Customer’s Use of the Service.
- Access and Security Guidelines. Subject to any limitations associated with Customer’s subscription account, Customer may set up User accounts by supplying a unique user identification name and password (“UserID”) to Envio for each User. Users may only access and use the Service with the specific UserID. Customer is responsible to ensure UserIDs are not shared, and that Users retain the confidentiality of their UserIDs. Customer is responsible for any and all activity occurring under the UserIDs associated with Users. Customer will promptly notify Envio of any actual or suspected unauthorized use of the Service. Envio may require that a UserID be replaced at any time.

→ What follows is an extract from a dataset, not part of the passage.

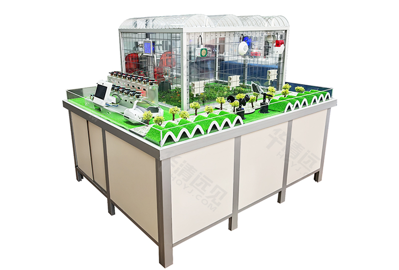 智能农业综合实训系统(FS_ZNNY)主体是一个铝合金金属骨架和有机玻璃墙壁组成的温室系统,与其他感知、控制及执行系统一起,构成完整的温室大棚系统。包括:透明温室大棚、自动遮阳罩、水泵及喷头、仿真植物和真实植物、水循环系统、通风系统、光照调节系统、温度调节系统、无线传感器网络安装位置等。是针对于物联网在农业领域自动化与智能化应用的一款实景模拟系统,依托各种传感节点(环境温湿度、土壤水分、二氧化碳、图像等),和无线通信网络实现农业生产环境的智能感知、智能预警、智能分析、专家在线指导,为农业生产提供精准化种植、可视化管理、智能化决策。为院校在物联网实训教学方面提供了一个真实的农业综合实训系统,使学生在实训中实现对物联网综合技术应用的理解并在此基础上进行创新应用,培养学生创新应用能力,充分满足了目前高校培养物联网技术人才的需求。

- Customer Responsibilities and Restrictions. Customer will, at all times, comply with all applicable local, state, federal, foreign, and privacy laws, including PIPEDA, in using the Service. Without limiting the generality of Section 3.1, Customer agrees that Customer will not, and will not permit any person, including without limitation the Users, to:
- use the Service other than as permitted by this Agreement;
use the Service to violate, infringe or appropriate any person’s privacy rights, publicity rights, defamation rights, intellectual property rights, proprietary rights, contractual rights or any other legal right;
- use the Service to upload, collect, transmit, store, use or process, or ask Envio to obtain from third parties, any data: (i) that Customer does not have the lawful right to copy, transmit, distribute and display (including any Customer Data that would violate any confidentiality or fiduciary obligations that Customer might have with respect to the Customer Data); or (ii) for which Customer does not have the consent or permission from the owner of any Personal Information contained therein;
- use the Service in a manner that is misleading, deceptive or fraudulent or otherwise illegal or promotes illegal activities, including engaging in phishing or otherwise obtaining financial or other Personal Information in a misleading manner or for fraudulent or misleading purposes;
- use the Service in a manner that is libelous or defamatory, harmful to minors in any way, or that is otherwise threatening, abusive, violent, harassing, malicious or harmful to any person or entity, or is invasive of another’s privacy;
- use the Service in a manner that is hateful or discriminatory based on race, colour, sex, religion, nationality, ethnic or national origin, marital status, disability, sexual orientation or age or is otherwise objectionable, as reasonably determined by Envio;
- use the Service to impersonate a Envio employee, or any other person, or falsely state or otherwise misrepresent your affiliation with any person or entity;
- sublicense or transfer any of Customer’s rights under this Agreement, except as otherwise provided in this Agreement, or otherwise use the Service for the benefit of a third party or to operate a service bureau;
- copy, modify, alter, change, translate, decrypt, obtain or extract the source code of, create derivative works from, reverse engineer, reverse assemble, decompile, disassemble or reverse compile any part of the Service;
- use or launch any automated system, including without limitation any “robot” or “spider” that accesses the Service; or
- interfere with, or attempt to interfere with, the Service, the System or any other networks or services connected to the Service, whether through the use of viruses, bots, worms or any other computer code, file or program that interrupts, destroys or limits the functionality of any computer software or hardware.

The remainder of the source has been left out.